Objective: To report the epidemiology and ocular phenotype of retinal capillary hemangioblastomas associated with von Hippel-Lindau (VHL) disease in a large cohort of patients and to correlate patient and ocular characteristics to visual morbidity in this population.

Design: Cross-sectional study.

Participants: In 220 unrelated pedigrees, 335 patients affected with VHL disease and retinal capillary hemangioblastomas (RCHs) in at least 1 eye.

Methods: Demographics of the patient population were recorded and the ocular phenotype of each patient was obtained with a comprehensive ocular examination.

Main outcome measures: The patient population was characterized and the ocular phenotype described in relationship to tumor location, number, and extent of retinal involvement. Correlations between patient demographics, ocular phenotype, and visual function were analyzed.

Results: We detected RCHs unilaterally in 42.1% and bilaterally in 57.9% of patients. No correlation was detected between the age, gender, or laterality of involvement. Of involved eyes, 86.6% had tumors that could be individually visualized; of these, tumors were commonly found in the peripheral retina (84.7%) only, and less commonly in the juxtapapillary area (15.3%). The tumor count in the periphery averaged 2.5+/-1.8 per eye, with 25.2% of eyes having >1 quadrant of retinal involvement. Of involved eyes, 13.4% were enucleated or prephthsical; approximately 1 in 5 patients had > or =1 eyes so affected. Severe visual impairment (visual acuity < or =20/160) in affected eyes were more likely to be associated with increasing age, the presence of juxtapapillary lesions, and an increasing number and extent of peripheral lesions.

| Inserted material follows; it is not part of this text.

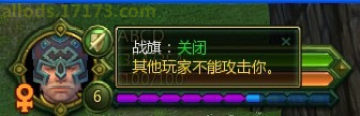 在阵营PK中,玩家只能攻击那些开启了战旗的敌对阵营玩家。开启/关闭战旗的图标在角色头像上。此外,当角色主动攻击敌对阵营的玩家时,自己的战旗会自动开启。在战旗开启的状态下打怪和做任务可以获得额外的经验奖励。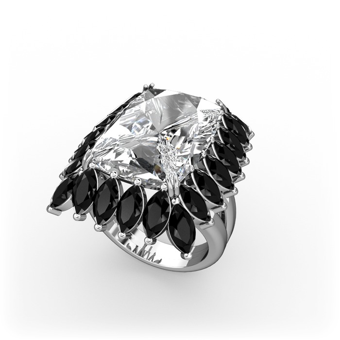 Beyaz zirkon ve siyah zirkon 925 ayar gümüş yüzük

Conclusions: This large cohort of VHL patients with RCHs has enabled a systematic and quantitative characterization of the demographics, ocular features, and visual function in VHL disease. Clinical correlations between the visual morbidity and ocular features of the disease were also performed, producing measures that can help clinicians to estimate visual prognoses better based on the ocular phenotype of the disease.

Figure 1

Age distribution of 335 patients with retinal capillary hemangioblastomas (RCHs) related to von Hippel-Lindau disease.

Figure 2

Schematic diagram showing the subcategorization of 670 eyes of 335 patients with retinal capillary hemangioblastomas (RCHs) related to von Hippel-Lindau disease according to ocular phenotype.

Figure 3

Distribution of peripherally-located retinal capillary hemangioblastomas (RCHs) found in 421 eyes depicted as number of RCHs per eye.

Figure 4

Visual acuities in all 335 patients with retinal capillary hemangioblastomas(RCHs) related to von Hippel-Lindau disease. A. Distribution of visual acuities of 335 patients in their better-seeing eye (top panel) and worse-seeing eye (bottom panel). B. Distribution of visual acuities of all 670 eyes in 335 patients according to eyes without angiomatous involvement (dark bars, left, n = 141) and eyes with angiomatous involvement (white bars, right, n = 529).

Figure 5

Visual acuities of eyes with retinal capillary hemangioblastomas (RCHs) related to von Hippel-Lindau disease. according to phenotype subcategories. A, Distribution of visual acuities of affected eyes according to the location of documented RCHs. Location categories were: RCH in the peripheral location only (n = 388 eyes), in the juxtapapillary location only (n = 37 eyes), and in both juxtapapillary and peripheral locations (n = 33). B, Distribution of visual acuities according to number of peripheral RCHs in eyes with documented RCHs (n = 421 eyes). Categories were: 1-2 RCHs/per eye (n = 262 eyes), 3-4 RCHs/per eye (n = 84 eyes), >5 RCHs/per eye (n = 75). C, Distribution of visual acuities according to whether RCHs extended to less (n = 316) or greater (n = 105) than one quadrant of peripheral retinal involvement.